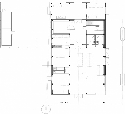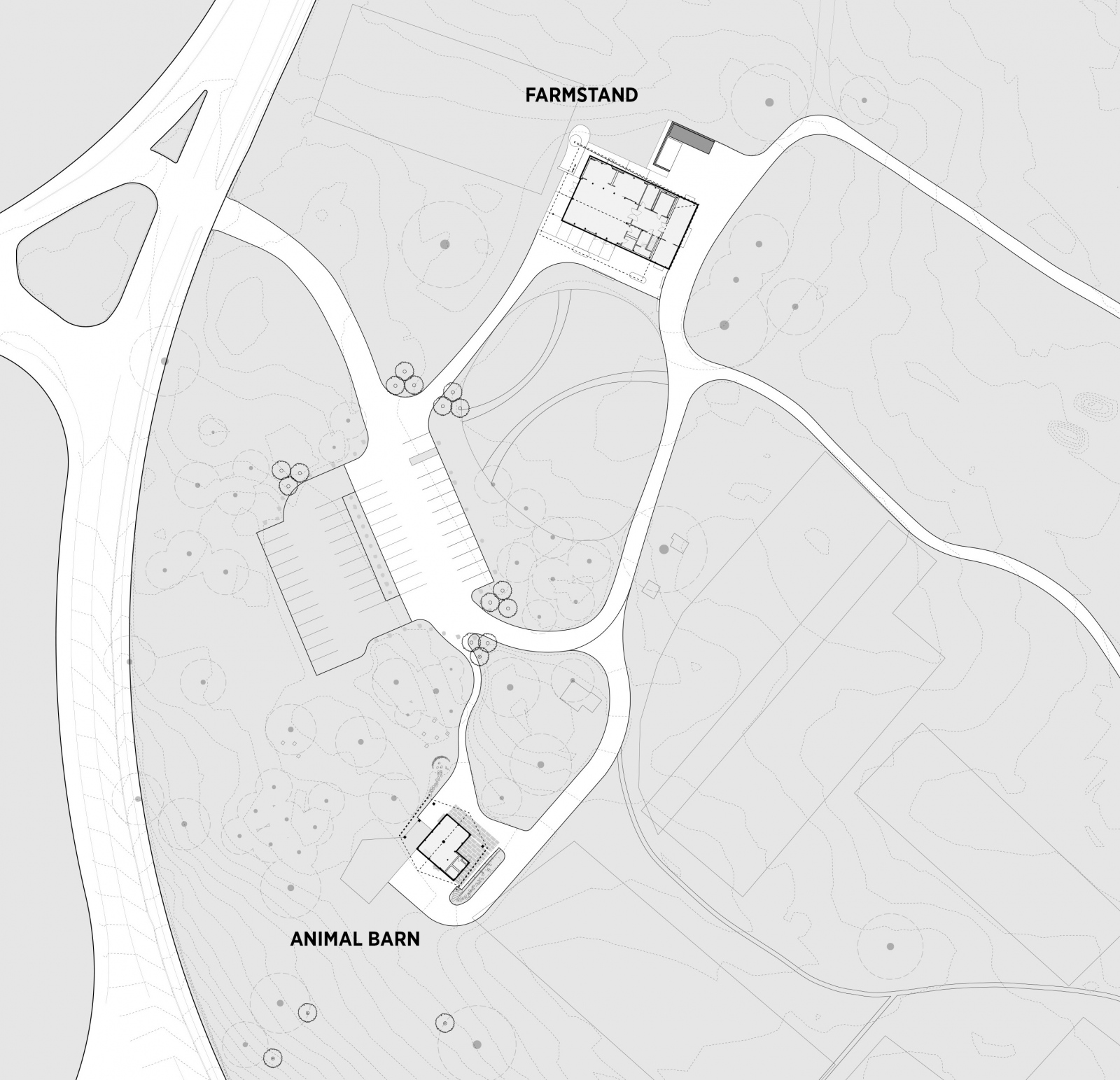 The Farmstand is organized into two distinct zones, open front-of-house functions such as the commercial farmstand and demonstration kitchen and more enclosed back-of-house service functions such as the walk-in cooler, storage, staff office and washing stations for vegetables. An open-air porch wraps the Farmstand on the south and west facades, shielding the building from the harsh summer sun and providing additional covered space for picnic tables and produce. A small open-air loft above the back-of-house functions overlooks the main space, providing staff work space and a place for educational programs.
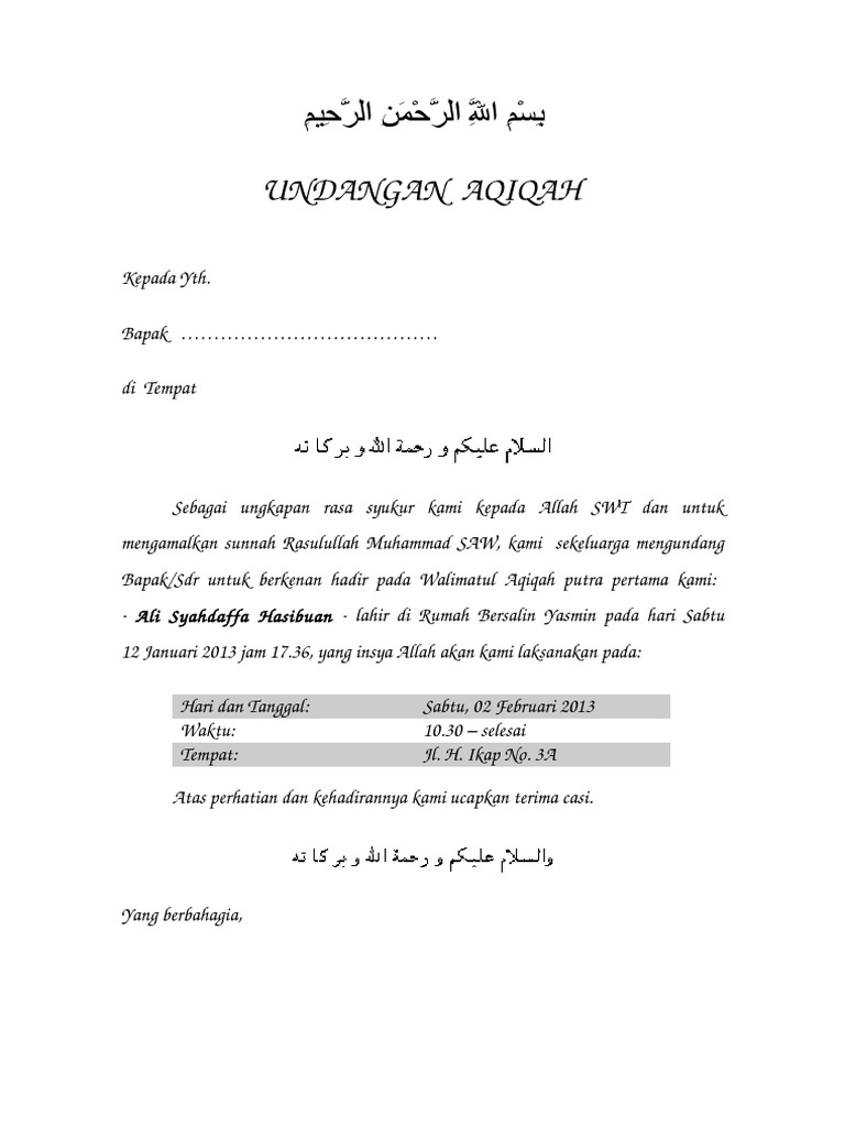Contoh Surat Undangan Aqiqah Sederhana
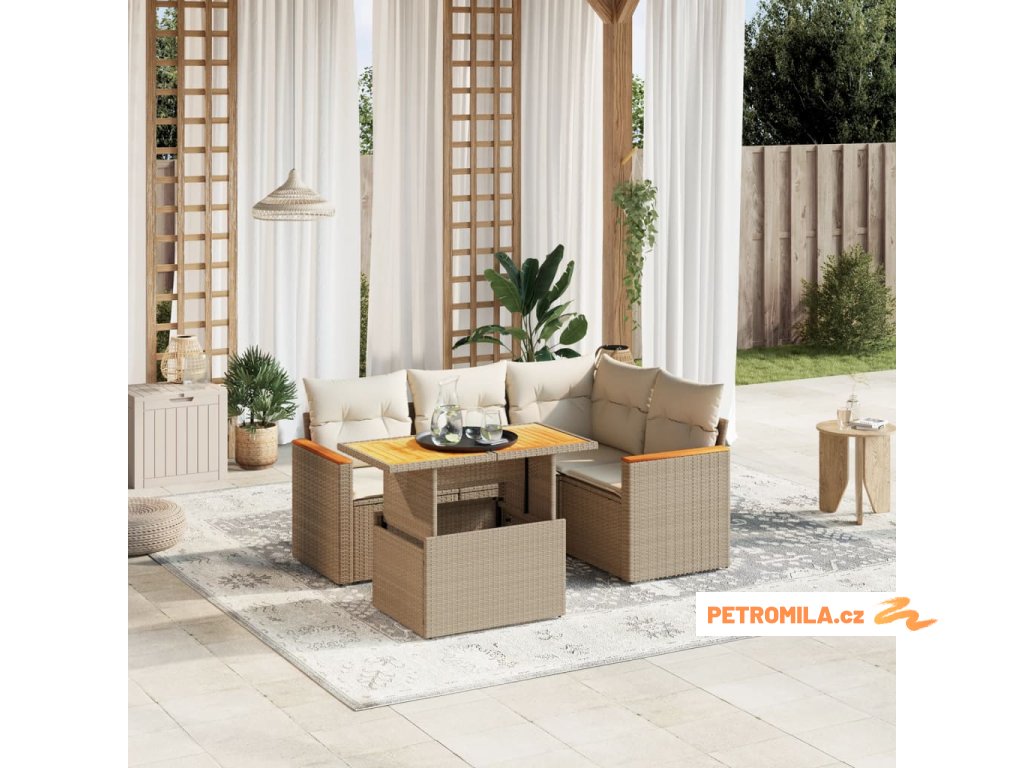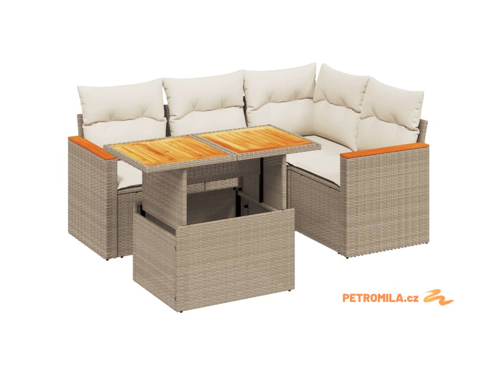 5dílná zahradní sedací souprava s poduškami béžová polyratan

Work to be completed
Exactly as written, give again every line from the one containing "Contoh Surat Undangan Aqiqah Sederhana" through the last line of the material, both included, with the pictures left out.

Solution below
Contoh Surat Undangan Aqiqah Sederhana
 5dílná zahradní sedací souprava s poduškami béžová polyratan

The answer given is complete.